There are of course a whole host of other implications and questions tied to the return of Trump—what becomes of efforts to combat climate change? NATO? Canada’s abundance of water?—but the threat of significant tariffs is currently front-and-centre for leaders of all stripes.
While it may not come to fruition, Canada is preparing for the worst.
“If Canadian tariffs are imposed by the U.S. government, that would certainly be a real concern for Canada’s economy, noting that increased costs of Canadian goods to American consumers would be detrimental to Canada’s exports, with the potential outcome being reduced demand for Canadian goods leading to unsold inventory, higher unemployment and declining Canadian GDP,” said Tourism Whistler’s president and CEO Barrett Fisher, in an email.
“While American consumers will also be negatively impacted by tariffs, Canada’s tourism industry is a potential anomaly within the economic mix, as a corresponding weaker Canadian dollar is advantageous for American visitors whose U.S. dollar goes much further in Canada. Canadians who typically travel to the U.S. will also find their dollar goes further here in Canada.”
Which begs the question: is Donald Trump good for tourism in Canada?
“If our Canadian dollar drops further against the U.S. greenback, then that could actually compel more people, particularly from border states, to want to travel to Canada, just simply because of the advantage,” said Walt Judas, CEO of the Tourism Industry Association of BC (TIABC).
“The other consideration here is that tourism could be then one of the bright lights in all of this, in other words, other sectors may suffer, but the tourism industry could actually come out reasonably favourably.”
During a Nov. 29 visit with Trump at his residence in Mar-a-Lago, Fla., Prime Minister Justin Trudeau reportedly promised the incoming president tougher border controls—which itself could have implications for tourism, Judas noted.
“Could that mean that Canadians will experience tighter border security going forward, meaning longer wait lines, etc., and they’ll decide not to go into the States?” he said. “Or conversely, Americans may find that it’s much more difficult to go back and forth as well.”
For now there are more questions than answers, both in the tourism sector and beyond.
Generally, and depending on the region, tourism in B.C. enjoyed good fortunes in 2024, Judas said, adding the industry is optimistic about the year ahead under new NDP tourism minister Spencer Chandra Herbert.
That said, the industry is still looking for concrete action (including more funding) and for tourism to be part of the broader economic plan in the province.
Judas noted tourism wasn’t mentioned by any party during the October provincial election campaign.
“We think that tourism has a potential for investment, it’s got potential for new product development and growth,” he said. “We’d like to see some of the infrastructure further developed in different places around the province, whether that’s highways or airports, or ferry terminals, investment in new ferries—things like that would be helpful.”
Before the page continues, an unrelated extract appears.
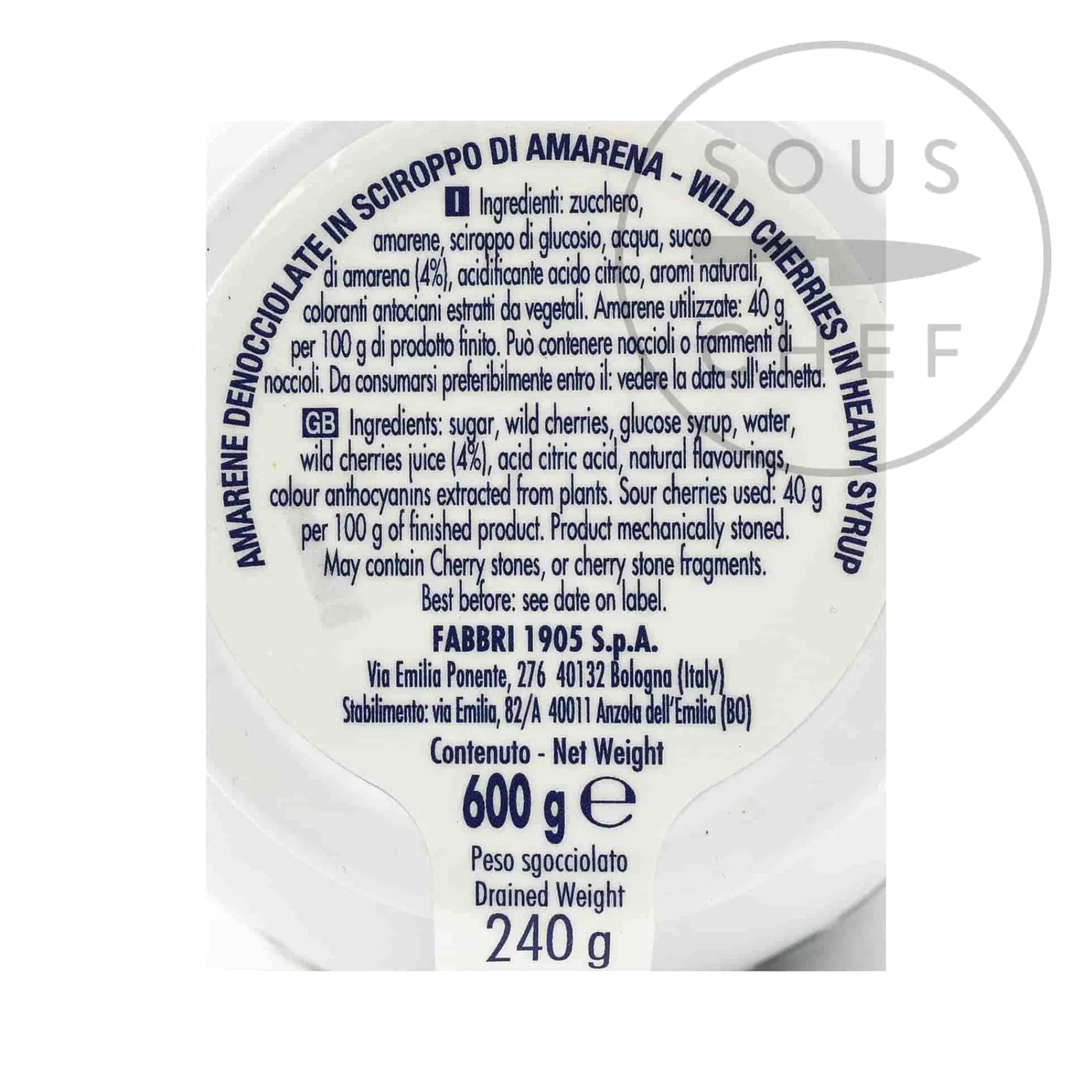Fabbri Amarena cherries in syrup are world famous demi-glacé cherries in a decorative opaline jar. The Amarena cherries are soft and juicy, with a pleasing sourness that balances the sweet syrup.

Judas and TIABC are also hoping for a boost to Destination BC’s $60-million marketing budget, which is out of step with the rising costs seen over the last five years.
“When you think about costs having gone up in the last five years about 20 per cent, at the very least you need to keep pace with the costs,” he said. “So if you look at other jurisdictions—Alberta, Ontario, etc.,—you can draw comparisons there, but at minimum, 20 per cent. But I think as costs continue to go up, our dollar is losing value, [and] you really have to adjust accordingly.”
For now, all eyes remain on the threat of a 25-per-cent tariff.
Louise Walker, executive director of the Whistler Chamber, noted Canada, the U.S. and Mexico have a long history of collaboration and free trade.
“The tariff would impact certain export sectors more than others, creating job losses. In addition, the tariffs would impact supply chains, which in turn impacts consumer costs,” Walker said in an email, noting the Canadian Chamber of Commerce’s Business Data Lab estimates the tariff would shrink Canada’s GDP by 2.6 per cent (or roughly CAD $78 billion), costing Canadians approximately $1,900 per person annually.
“While the tariffs would have the greatest impact on sectors such as energy and automotive, we would see a knock-on impact across businesses and employees in both Canada and the U.S., our closest neighbours and with whom we have strong and valued connections,” Walker said. “Many businesses already see the impact of cost-of-living challenges on discretionary spending, such as travel, eating out and participating in leisure activities. We need fast and constructive action so that the two nations can work collaboratively to avoid the consequences of job losses and higher prices.”